All entries are to be reproduced exactly; the pictures are to be omitted.

DATA EXTRACTS —
━━━━
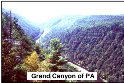
Grand Canyon of PA

Arrive in pretty little Wellsboro, the gateway to adventure in the Grand Canyon area of Pennsylvania. With its fine old homes, gas lamps, and town green, you may think you have stumbled on a New England village. Our guide joins us here before we motor nearby to Antlers Inn, a longtime local favorite in Ansonia. Fortify yourself with a bountiful luncheon buffet, including dessert.
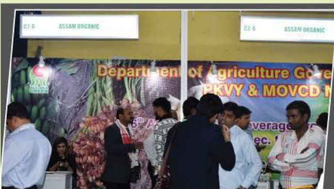
Department of Agriculture - PKVY & MOVCD Government of Assam
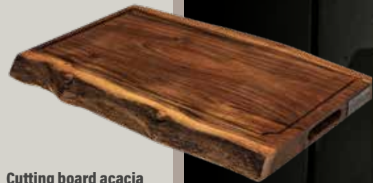
Cutting board acacia wood natural Large Size: 55 x 35 cm
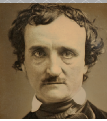
Edgar Allan Poe October 8
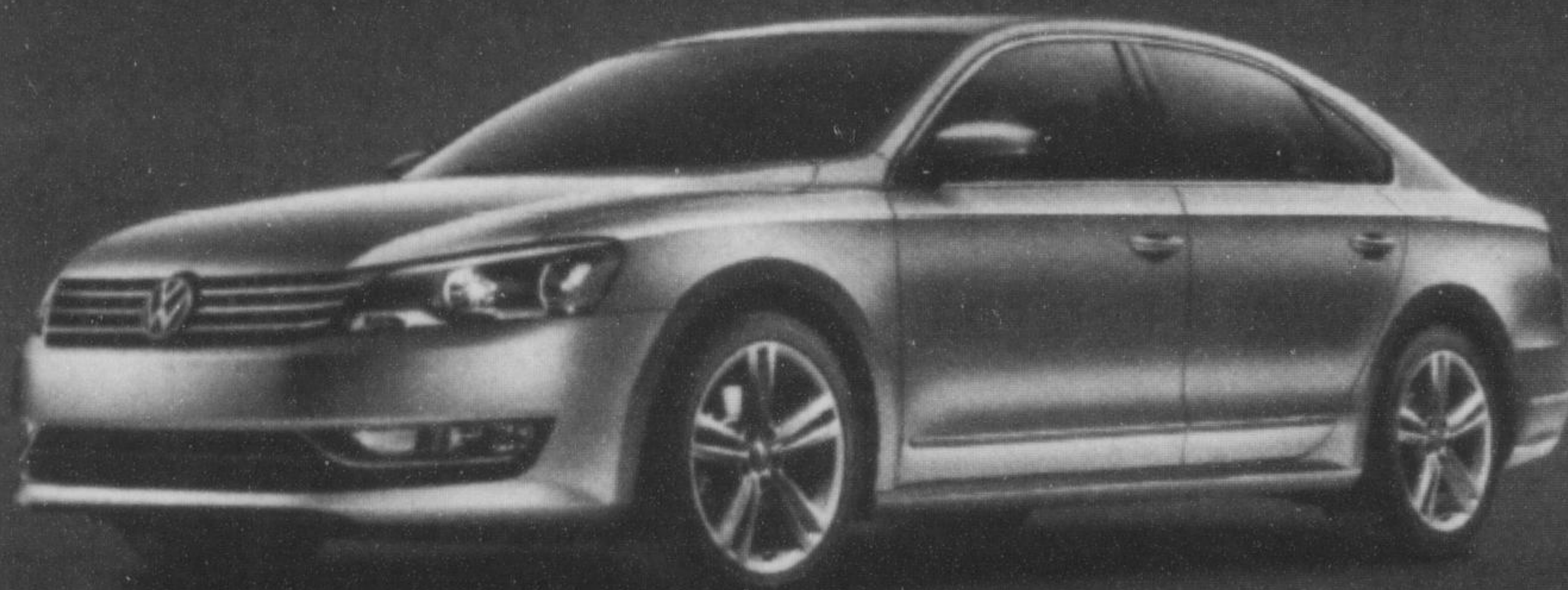
2013 Passat 3.6L

Please contact us, as soon as possible, if you have any accessibility needs at Halton Region events or meetings.
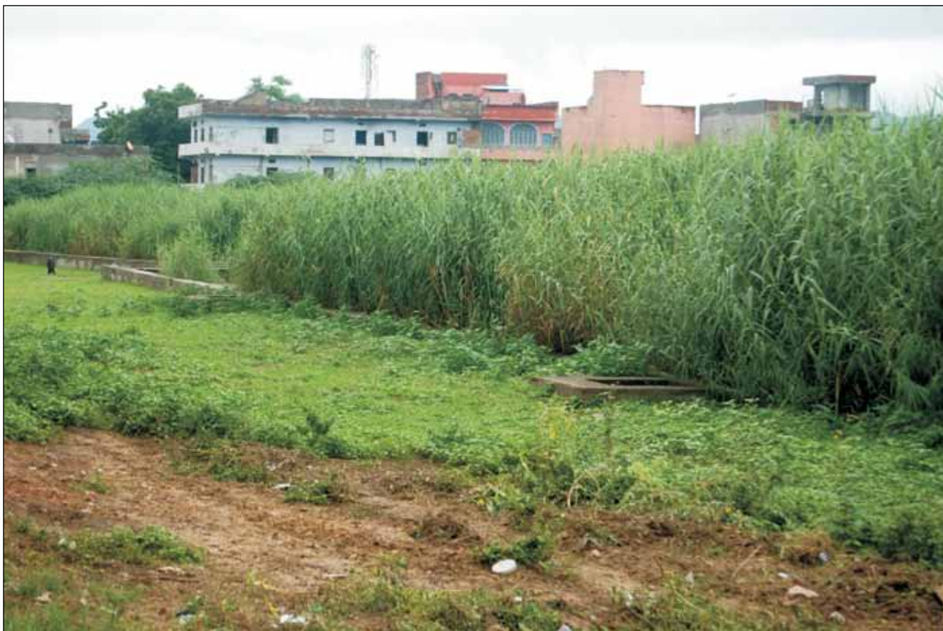
Reeds at a Constructed Wetland, the bio-treatment technique.

12. Any commercial use of the lake and its immediate surrounding areas should be properly assessed before conveying the permission.
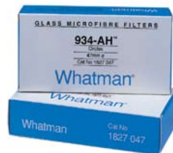
Fig 1. Whatman 934-AH Glass Microfiber filters are designed for the analysis of suspended solids.
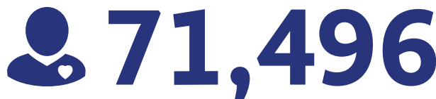
Total Employees at Year-end
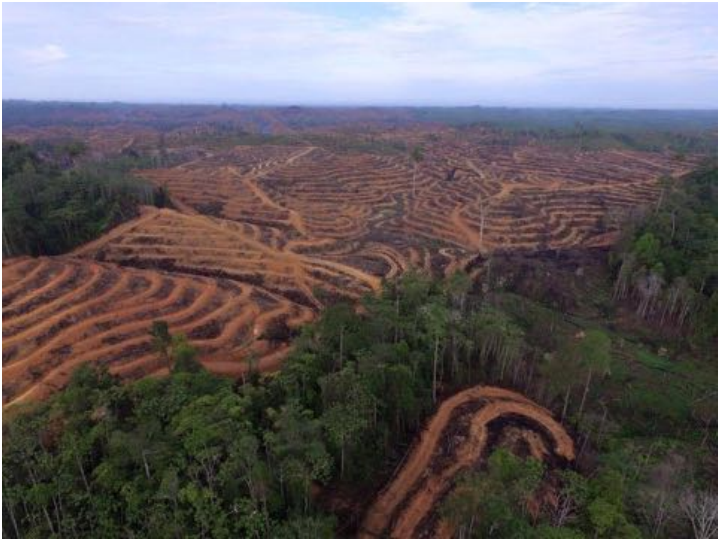
East Kutai, East Borneo, 2 weeks ago
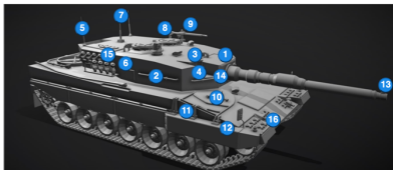
Húzza az egeret az ábrában a folyószámok fölé!
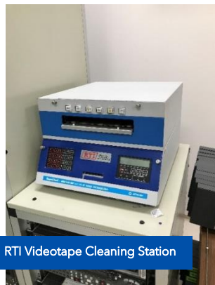
RTI Videotape Cleaning Station

With about 100,000 tapes to process, the intensive digitization phase of the videotape project started in 2016 and is well underway.
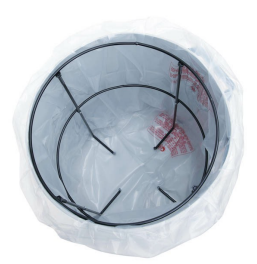
Megaton Inner Frame (Plastic Bag Holder) keeps the plastic Polyliner in place
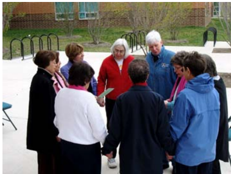
Pray for Peace

January 11-13, 2008 ... NOVA'S 40 th Anniversary Celebration
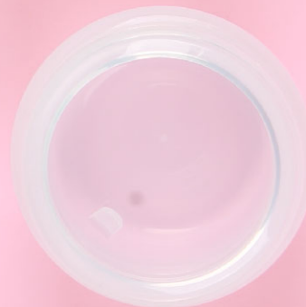
03 SA71028 Size: \phi 4.6 \times 3.2 \text{cm}
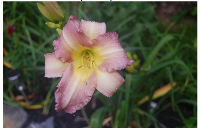
1973 Lavender Flight (Spalding 1963)
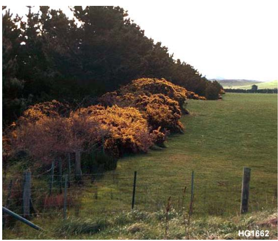
Gorse was used as a hedgerow plant.
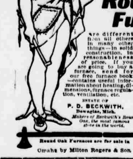
Round Oak Furnaces are for sale in Omaha by Milton Rogers & Son.

Round Oak Furnaces have large feed doors, burn wood or coal; but whatever they burn, give greater heat than any other furnaces.
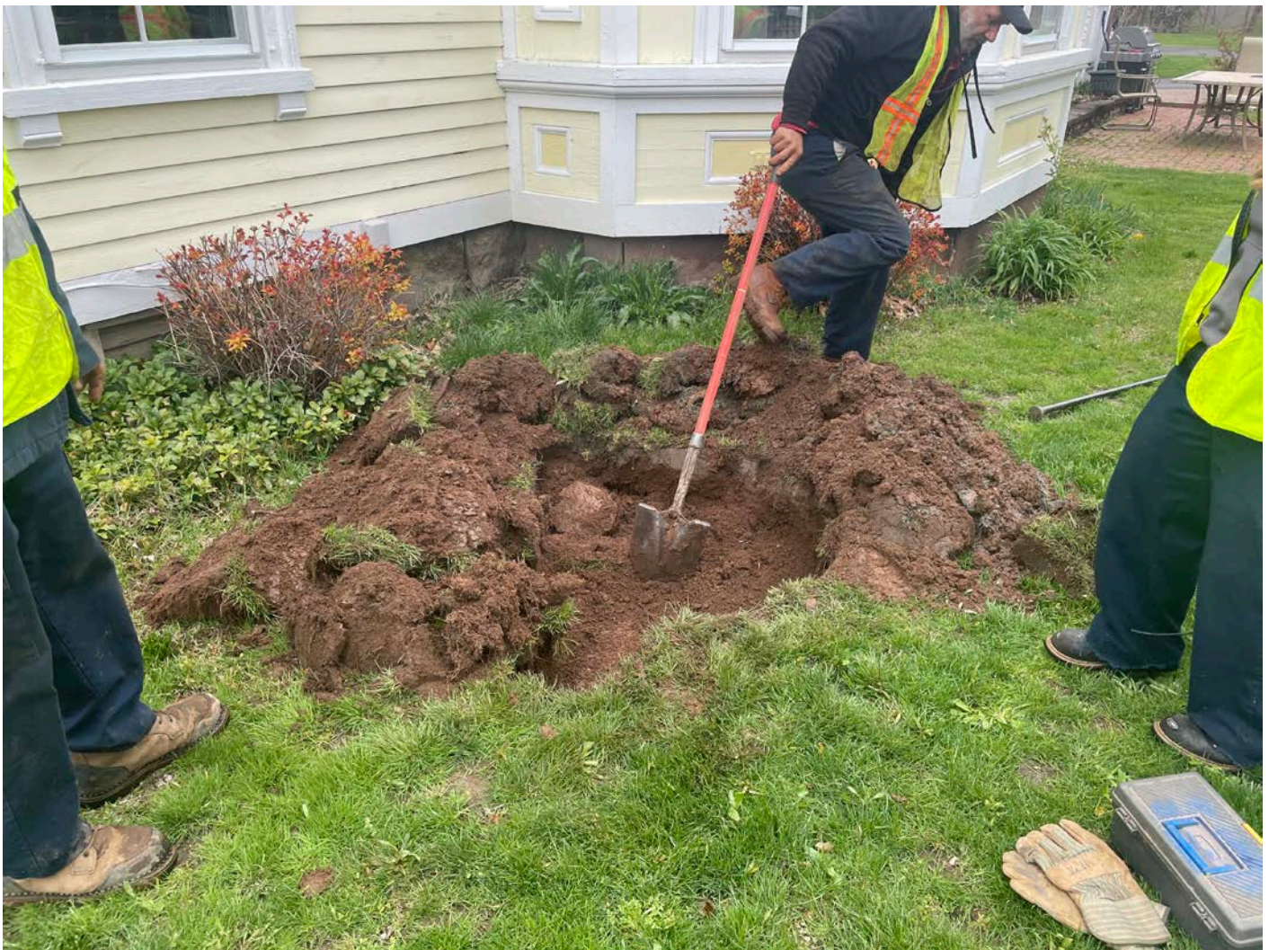
Picture 4: Grela daylighting a cement cover that sits over the well located on the south side of the 265 Main Street, Durham, residence. View to the northeast.
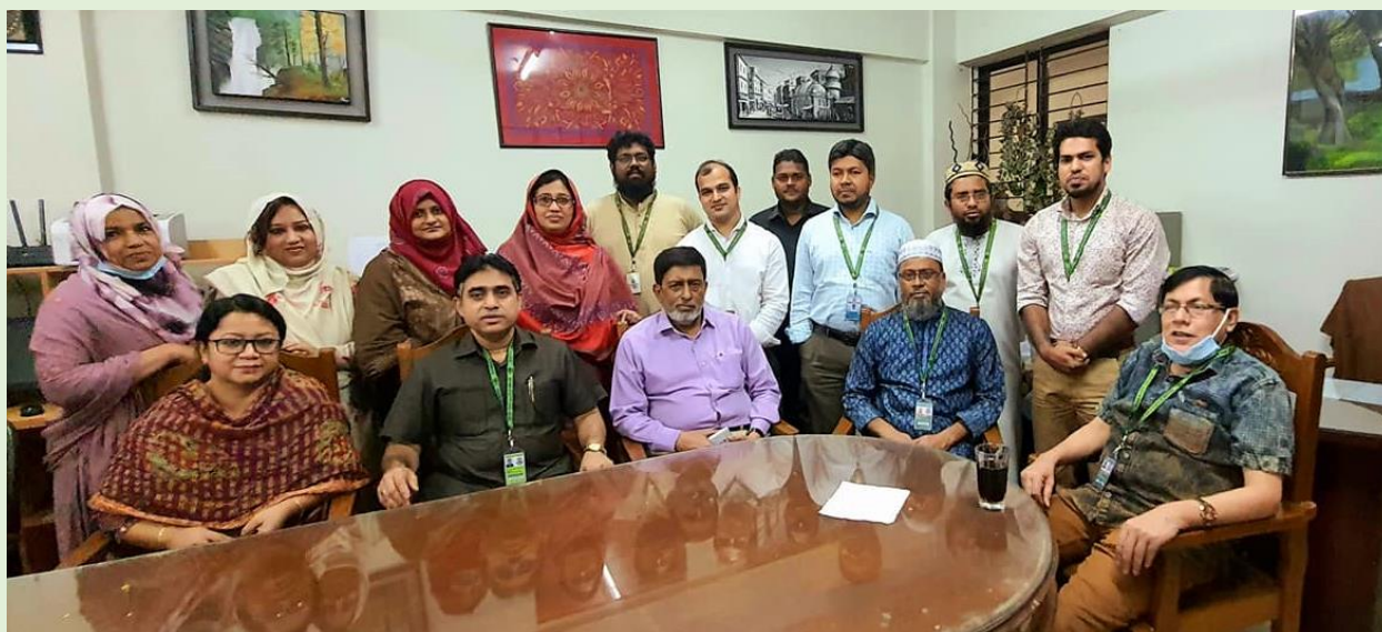
Teachers with Principal and Vice-Principal
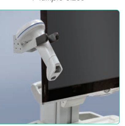
Forked Scanner Holder
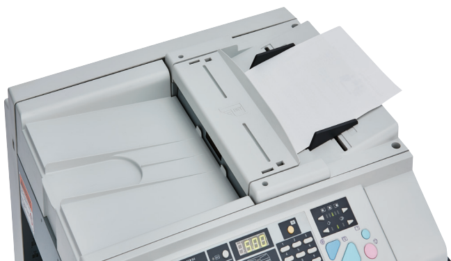
Automatic Document Feeder
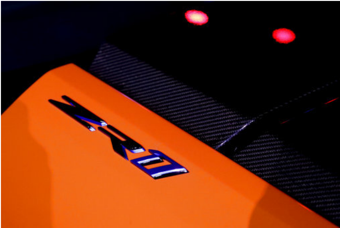
The 2019 Chevrolet Corvette ZR1 convertible logo is shown during the AutoMobility LA auto show Tuesday, Nov. 28, 2017, in Los Angeles.
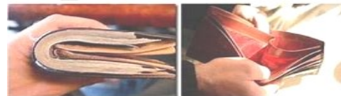
Before Valentine's Day After Valentine's Day
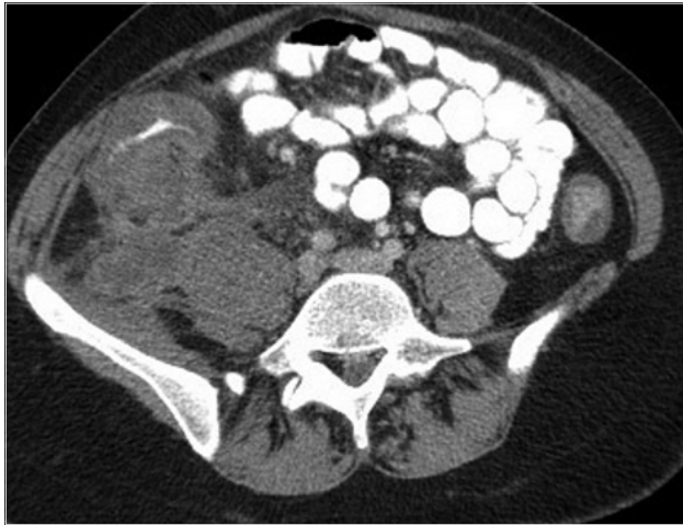
Figure 1. Inflammatory mass and abscess formation around the cecum on computed tomography (CT)
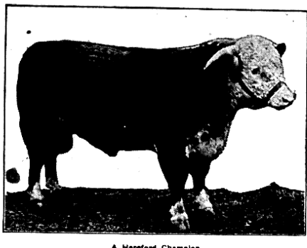
A Hereford Champion.

Do Not Try to Mix the Breeds and for Best Results Only One Kind Should be Kept—Shorthorn, Hereford and Aberdeen Angus Will Use Surplus Feed to Good Advantage.
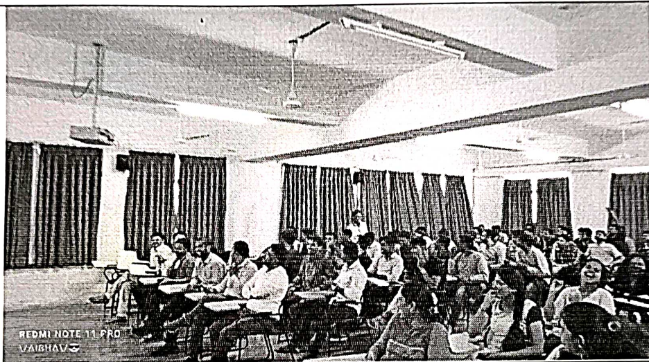
Students and faculty present at the event
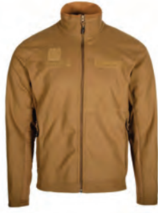
RA FLEECE JACKET - NSR BEYOND CLOTHING #1212P-A3-0106-C20 (NSR) SIZES XS-2XL
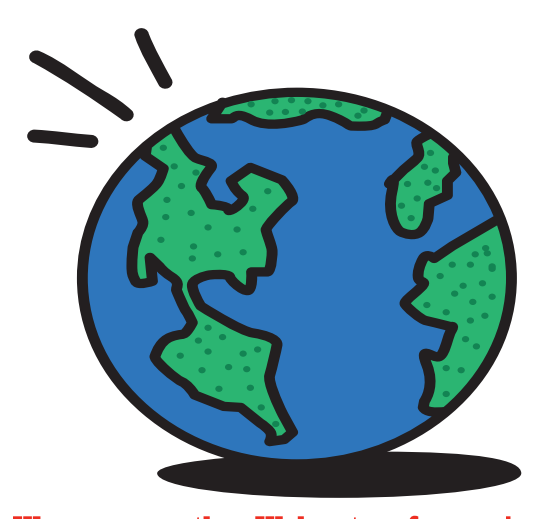
We are on the Web at ccfromania.com

Let's pray this fund will be provided, this will help the establishment of the Cordun church.
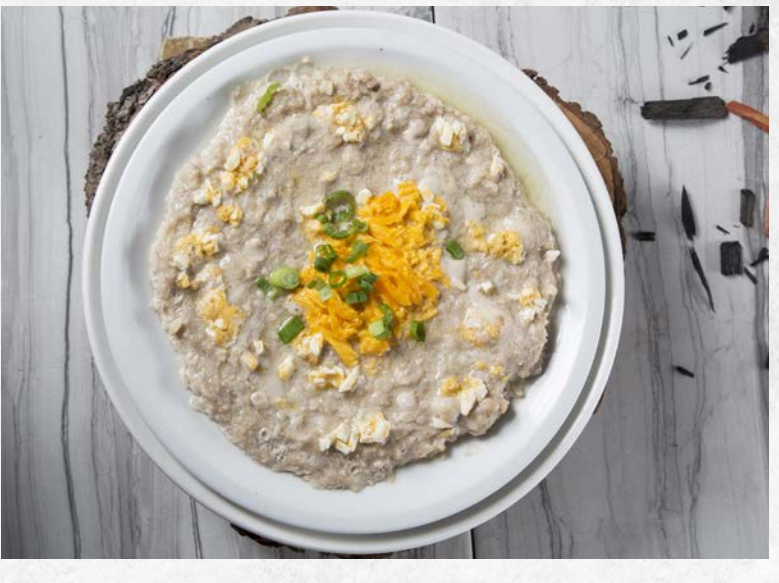
鹹魚鹹蛋蒸肉餅 $17.50 Steamed Pork Meat with Salted Fish and Egg
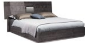
Q.S./UK 5" BED PJHE0150

inch W 64" D 18" H 18" cm L 162 P 45 H 45 Crts 1 kg 40 m 3 0,44
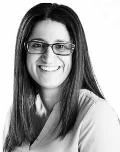
Dr. Mona Hanna Atisha helped expose children's high blood levels in Flint.

So that city that once birthed America's middle class became a city where our children were waking up to a nightmare. In 2015, I was working as a busy pediatrician, in my own bubble. The patients would come to the clinic and ask if the water was okay ... and I was reassuring them that, yeah, how can their water not be okay? This is America, right? This is the richest country in the history of the world. This is the 21st century. That all changed when I heard about the possibility of lead in the water. I had learned ... that [lead] can erode cognition and twist behavior and has these life altering impacts. And science, especially in the last few decades, has taught us that there is no safe level of lead, levels that industry told us was
━━━━
SOLUTION FOR THIS PROBLEM —
Grand Canyon of PA

Arrive in pretty little Wellsboro, the gateway to adventure in the Grand Canyon area of Pennsylvania. With its fine old homes, gas lamps, and town green, you may think you have stumbled on a New England village. Our guide joins us here before we motor nearby to Antlers Inn, a longtime local favorite in Ansonia. Fortify yourself with a bountiful luncheon buffet, including dessert.
Department of Agriculture - PKVY & MOVCD Government of Assam
Cutting board acacia wood natural Large Size: 55 x 35 cm
Edgar Allan Poe October 8
2013 Passat 3.6L

Please contact us, as soon as possible, if you have any accessibility needs at Halton Region events or meetings.
Reeds at a Constructed Wetland, the bio-treatment technique.

12. Any commercial use of the lake and its immediate surrounding areas should be properly assessed before conveying the permission.
Fig 1. Whatman 934-AH Glass Microfiber filters are designed for the analysis of suspended solids.
Total Employees at Year-end
East Kutai, East Borneo, 2 weeks ago
Húzza az egeret az ábrában a folyószámok fölé!
RTI Videotape Cleaning Station

With about 100,000 tapes to process, the intensive digitization phase of the videotape project started in 2016 and is well underway.
Megaton Inner Frame (Plastic Bag Holder) keeps the plastic Polyliner in place
Pray for Peace

January 11-13, 2008 ... NOVA'S 40 th Anniversary Celebration
03 SA71028 Size: \phi 4.6 \times 3.2 \text{cm}
1973 Lavender Flight (Spalding 1963)
Gorse was used as a hedgerow plant.
Round Oak Furnaces are for sale in Omaha by Milton Rogers & Son.

Round Oak Furnaces have large feed doors, burn wood or coal; but whatever they burn, give greater heat than any other furnaces.
Picture 4: Grela daylighting a cement cover that sits over the well located on the south side of the 265 Main Street, Durham, residence. View to the northeast.
Teachers with Principal and Vice-Principal
Forked Scanner Holder
Automatic Document Feeder
The 2019 Chevrolet Corvette ZR1 convertible logo is shown during the AutoMobility LA auto show Tuesday, Nov. 28, 2017, in Los Angeles.
Before Valentine's Day After Valentine's Day
Figure 1. Inflammatory mass and abscess formation around the cecum on computed tomography (CT)
A Hereford Champion.

Do Not Try to Mix the Breeds and for Best Results Only One Kind Should be Kept—Shorthorn, Hereford and Aberdeen Angus Will Use Surplus Feed to Good Advantage.
Students and faculty present at the event
RA FLEECE JACKET - NSR BEYOND CLOTHING #1212P-A3-0106-C20 (NSR) SIZES XS-2XL
We are on the Web at ccfromania.com

Let's pray this fund will be provided, this will help the establishment of the Cordun church.
鹹魚鹹蛋蒸肉餅 $17.50 Steamed Pork Meat with Salted Fish and Egg
Q.S./UK 5" BED PJHE0150

inch W 64" D 18" H 18" cm L 162 P 45 H 45 Crts 1 kg 40 m 3 0,44
Dr. Mona Hanna Atisha helped expose children's high blood levels in Flint.

So that city that once birthed America's middle class became a city where our children were waking up to a nightmare. In 2015, I was working as a busy pediatrician, in my own bubble. The patients would come to the clinic and ask if the water was okay ... and I was reassuring them that, yeah, how can their water not be okay? This is America, right? This is the richest country in the history of the world. This is the 21st century. That all changed when I heard about the possibility of lead in the water. I had learned ... that [lead] can erode cognition and twist behavior and has these life altering impacts. And science, especially in the last few decades, has taught us that there is no safe level of lead, levels that industry told us was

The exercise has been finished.